Итак, термин самодержец, понятый автором «Валаамской беседы» в качестве обозначения государя, царствующего по воле Бога, не только не исключает участия во власти советников (князей, бояр, «ближних приятелей»), но, напротив, предполагает это участие, поскольку оно угодно Богу и осуществляется согласно Божьему повелению. Перед нами, надо сказать, довольно своеобразное толкование слова самодержец, выхолащивающее его истинное содержание. Не чем иным, нежели стремлением теоретически обосновать ограничение самодержавной власти Ивана IV, эту понятийную акробатику объяснить невозможно. Однако позиция сочинителя «Валаамской беседы» будет охарактеризована не полно, если опустить одну весьма существенную деталь: нескрываемое желание поставить в ряд советников царя «протчих мирян», т. е. земских, по всей видимости, представителей или «всенародных человек», по терминологии князя А. М. Курбского{1512}. И здесь, конечно же, нельзя пройти стороной мимо одного из прибавлений (добавлений) к «Валаамской беседе».

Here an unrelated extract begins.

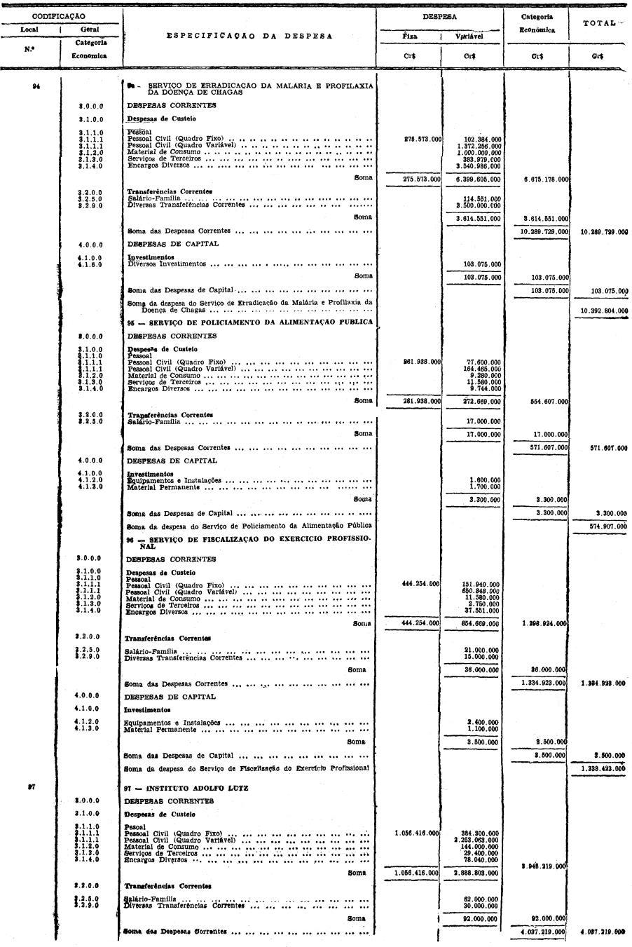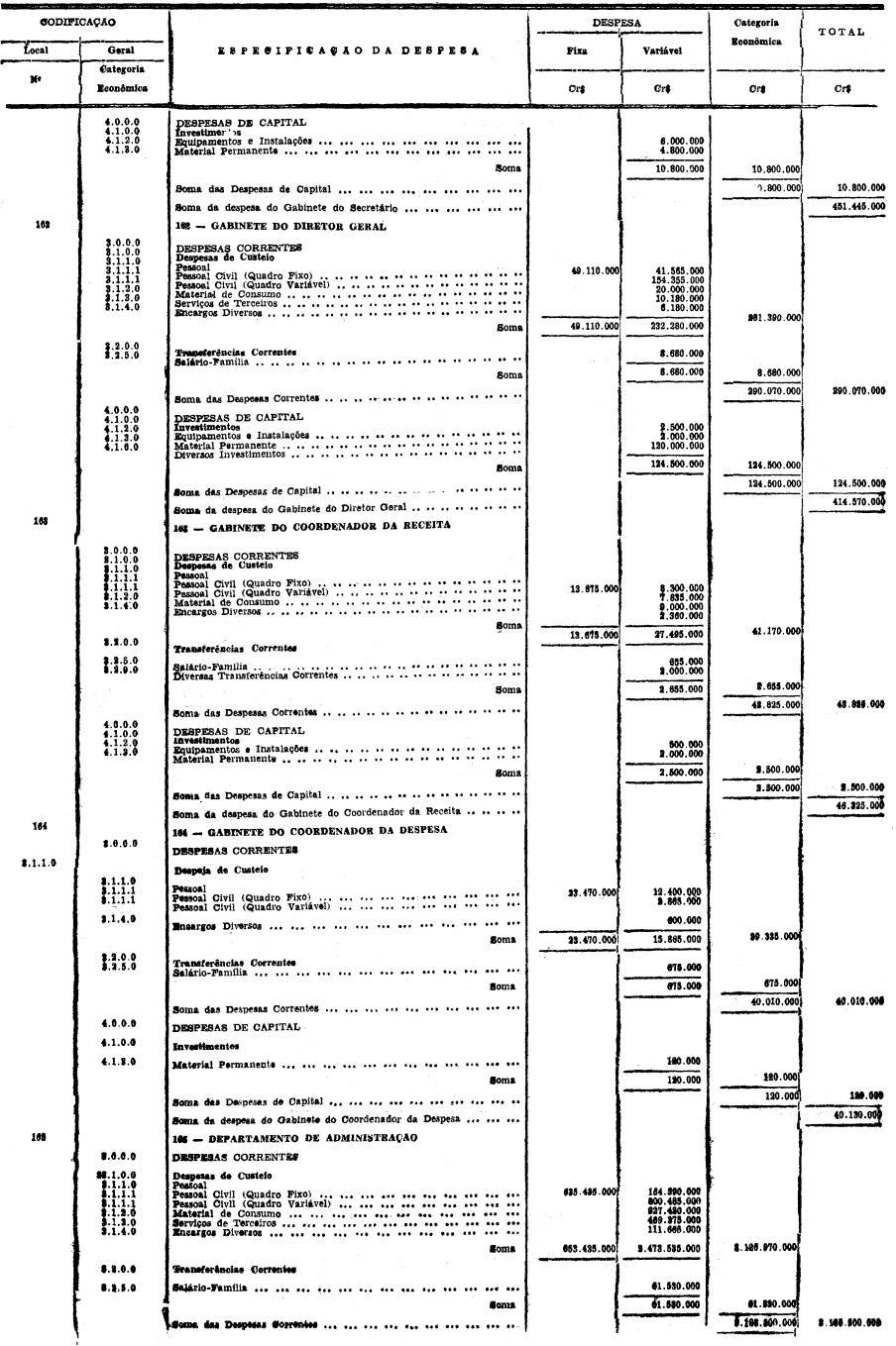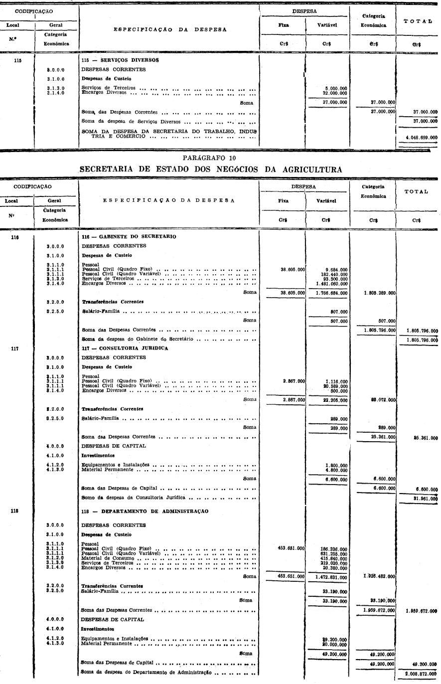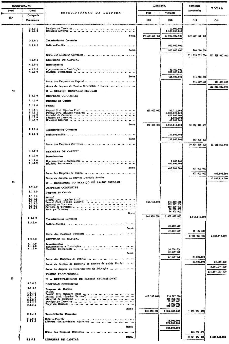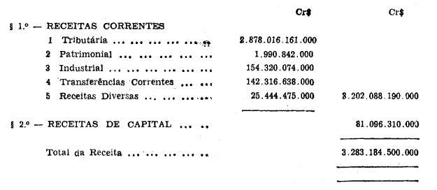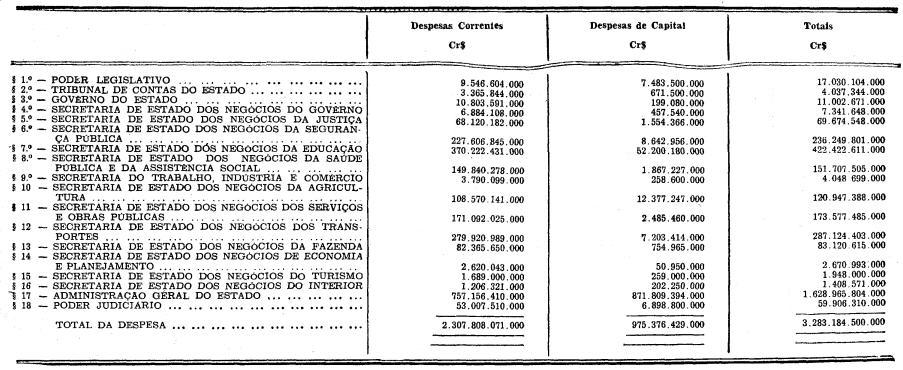 desta lei orça a Receita e fixa a Despesa em Cr$

«Ино сказание тоеже Беседы» — так называется это прибавление. В нем наше внимание останавливают несколько сюжетов, расположенных автором последовательно и представляющих отдельные смысловые звенья или блоки: 1) «Подобает благоверным и христолюбивым царем и богоизбранным, благочестивым и великим князем русския земли избранные воеводы своя и войско свое крепити и царство во благоденьство соединити и распространити от Москвы семо и авамо, всюду и всюду. И грады, аки крепкия и непоколебимые богоутвержденные столпы, крепко скрепити, и область вся держати не своею царьскою храбростию, ниже своим подвигом, но славным войском и царьскою премудрою мудростию»{1513}; 2) «И на таковое дело благое достоит святейшим вселенским патриархом и православным благочестивым папам, и преосвященным митрополитом, и всем священноархиепископом, и епископом, и преподобным архимаритом, и игуменом, и всему священническому и иноческому чину благословити царей и великий князей на единомысленный вселенский совет»{1514}; 3) «И с радостию царю воздвигнути, и от всех градов своих, и от уездов градов тех, без величества и без высокоумныя гордости, христоподобною смиренною мудростию, беспрестанно всегда держати погодно при себе и себе ото всяких мер всяких людей, и на всяк день их добре и добре распросити царю самому о всегодном посту и о покаянии мира сего, и про всякое дело мира сего»{1515}; 4) «А разумных мужей, добрых и надежных приближенных своих воевод и воинов со многими войсками ни на един день не разлучати от собя. Да таковою царьскою мудростию и войновым валитовым разумом ведома да будет царю самому про все всегда самодержавства его, и может скрепити от греха власти и воеводы своя, и приказные люди своя, и приближенных своих от поминка и от посула, и от всякия неправды, и сохранит их от многих безчисленных властелиных грехов, и ото всяких лстивых лстецов, и ото обавников их. И объявлено будет теми людми всякое дело пред царем. Таковою царьскою мудростию и валитовым разумом да правдою тою держатца во благоденьство царство его и войско все без измены крепко всегда»{1516}.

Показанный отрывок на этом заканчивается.